:: Task details ::
Among the lines below, a stretch begins at the one with "Yaklaşık 9 mm." and ends at the one with "Classic Chanel wallet". Repeat that stretch exactly, ends included.

:: Material provided ::
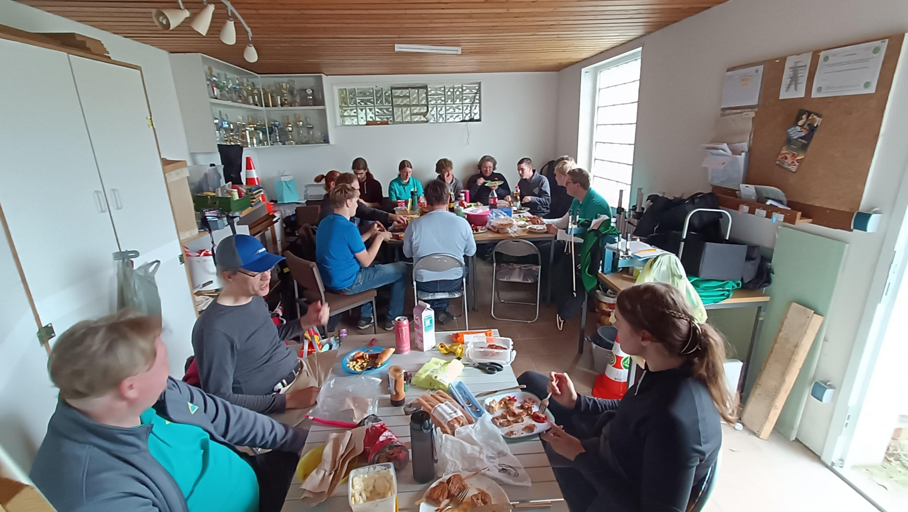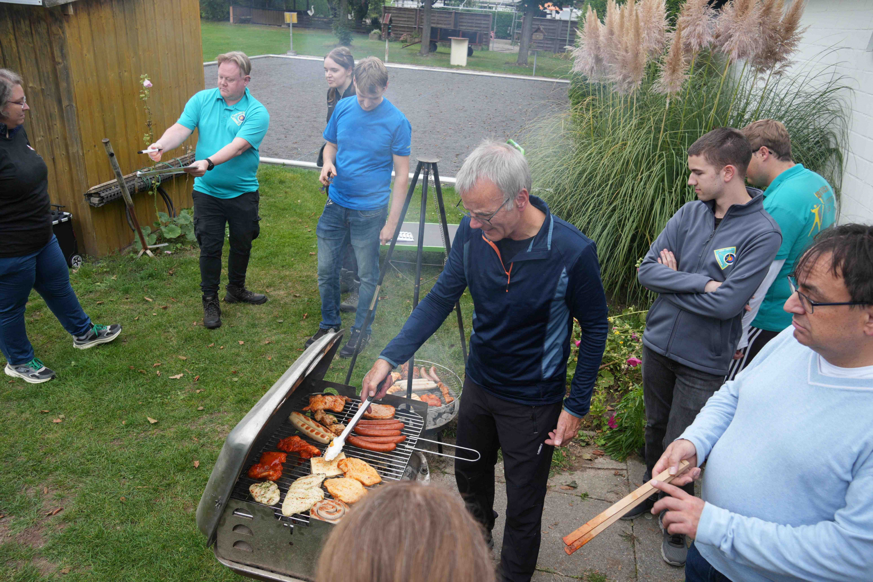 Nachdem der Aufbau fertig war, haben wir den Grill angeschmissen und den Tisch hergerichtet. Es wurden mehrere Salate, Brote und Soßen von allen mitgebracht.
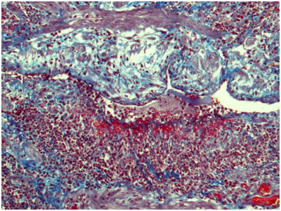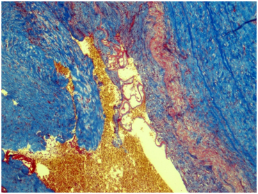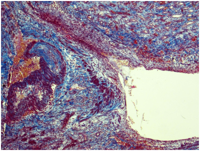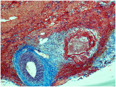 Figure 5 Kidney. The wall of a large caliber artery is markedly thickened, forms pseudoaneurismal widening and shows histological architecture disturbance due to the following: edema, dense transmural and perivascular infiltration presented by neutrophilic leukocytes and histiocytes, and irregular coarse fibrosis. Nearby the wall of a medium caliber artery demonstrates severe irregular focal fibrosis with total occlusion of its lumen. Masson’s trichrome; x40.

* * *

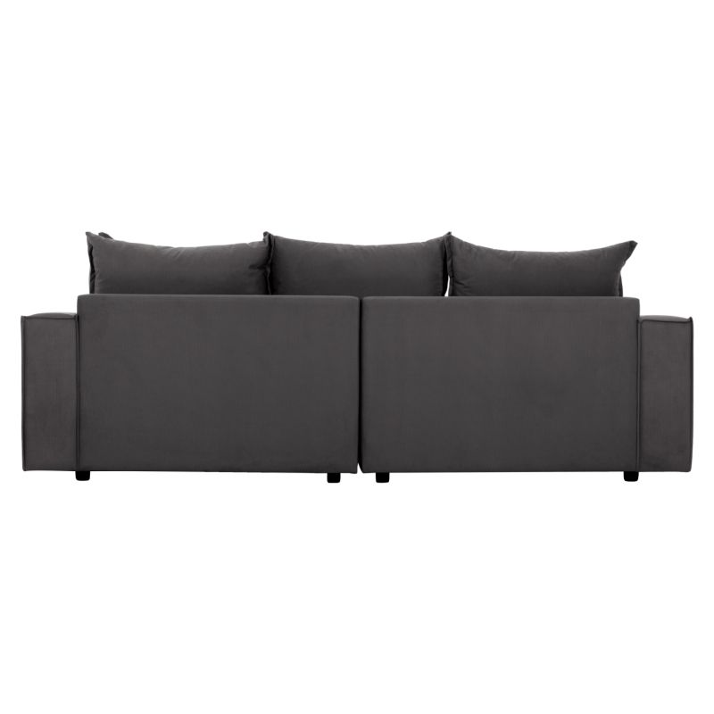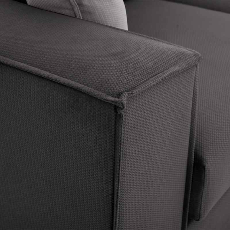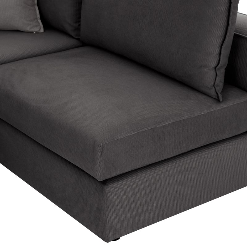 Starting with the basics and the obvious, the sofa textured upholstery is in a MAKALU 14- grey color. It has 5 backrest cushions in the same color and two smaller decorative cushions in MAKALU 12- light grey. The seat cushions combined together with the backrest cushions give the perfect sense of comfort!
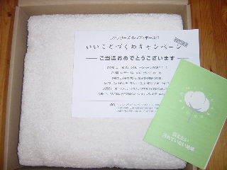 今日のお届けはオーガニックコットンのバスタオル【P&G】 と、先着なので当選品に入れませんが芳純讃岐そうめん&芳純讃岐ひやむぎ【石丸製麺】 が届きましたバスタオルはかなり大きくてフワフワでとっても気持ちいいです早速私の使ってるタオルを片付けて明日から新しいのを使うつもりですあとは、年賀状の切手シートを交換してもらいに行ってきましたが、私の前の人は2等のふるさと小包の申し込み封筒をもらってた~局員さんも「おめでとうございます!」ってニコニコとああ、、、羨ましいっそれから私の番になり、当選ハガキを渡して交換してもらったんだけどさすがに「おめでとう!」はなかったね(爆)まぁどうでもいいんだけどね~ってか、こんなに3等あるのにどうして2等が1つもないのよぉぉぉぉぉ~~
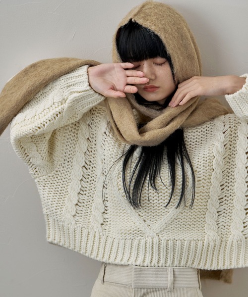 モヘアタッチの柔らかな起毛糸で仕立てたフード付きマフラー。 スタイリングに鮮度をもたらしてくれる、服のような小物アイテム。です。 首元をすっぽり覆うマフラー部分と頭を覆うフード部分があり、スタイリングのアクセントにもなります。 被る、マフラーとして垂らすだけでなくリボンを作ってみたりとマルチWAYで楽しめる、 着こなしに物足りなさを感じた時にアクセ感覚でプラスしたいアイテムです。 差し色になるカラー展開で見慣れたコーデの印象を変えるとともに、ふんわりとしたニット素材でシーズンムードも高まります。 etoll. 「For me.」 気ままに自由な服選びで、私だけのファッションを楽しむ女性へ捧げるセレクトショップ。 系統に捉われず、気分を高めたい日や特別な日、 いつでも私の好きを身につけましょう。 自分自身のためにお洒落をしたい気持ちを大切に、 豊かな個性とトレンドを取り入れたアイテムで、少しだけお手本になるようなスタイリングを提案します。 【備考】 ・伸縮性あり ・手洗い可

* * *

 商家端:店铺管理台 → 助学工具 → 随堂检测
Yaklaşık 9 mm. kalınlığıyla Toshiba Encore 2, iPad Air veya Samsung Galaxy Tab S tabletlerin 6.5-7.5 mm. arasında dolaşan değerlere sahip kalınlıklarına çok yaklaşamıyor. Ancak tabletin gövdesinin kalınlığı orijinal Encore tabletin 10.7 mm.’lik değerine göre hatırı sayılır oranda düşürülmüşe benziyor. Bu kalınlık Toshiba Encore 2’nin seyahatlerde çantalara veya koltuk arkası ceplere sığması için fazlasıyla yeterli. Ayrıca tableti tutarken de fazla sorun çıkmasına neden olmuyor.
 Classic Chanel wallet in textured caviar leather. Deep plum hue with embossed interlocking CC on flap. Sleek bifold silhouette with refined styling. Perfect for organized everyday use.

:: Solution for this problem ::
Yaklaşık 9 mm. kalınlığıyla Toshiba Encore 2, iPad Air veya Samsung Galaxy Tab S tabletlerin 6.5-7.5 mm. arasında dolaşan değerlere sahip kalınlıklarına çok yaklaşamıyor. Ancak tabletin gövdesinin kalınlığı orijinal Encore tabletin 10.7 mm.’lik değerine göre hatırı sayılır oranda düşürülmüşe benziyor. Bu kalınlık Toshiba Encore 2’nin seyahatlerde çantalara veya koltuk arkası ceplere sığması için fazlasıyla yeterli. Ayrıca tableti tutarken de fazla sorun çıkmasına neden olmuyor.
 Classic Chanel wallet in textured caviar leather. Deep plum hue with embossed interlocking CC on flap. Sleek bifold silhouette with refined styling. Perfect for organized everyday use.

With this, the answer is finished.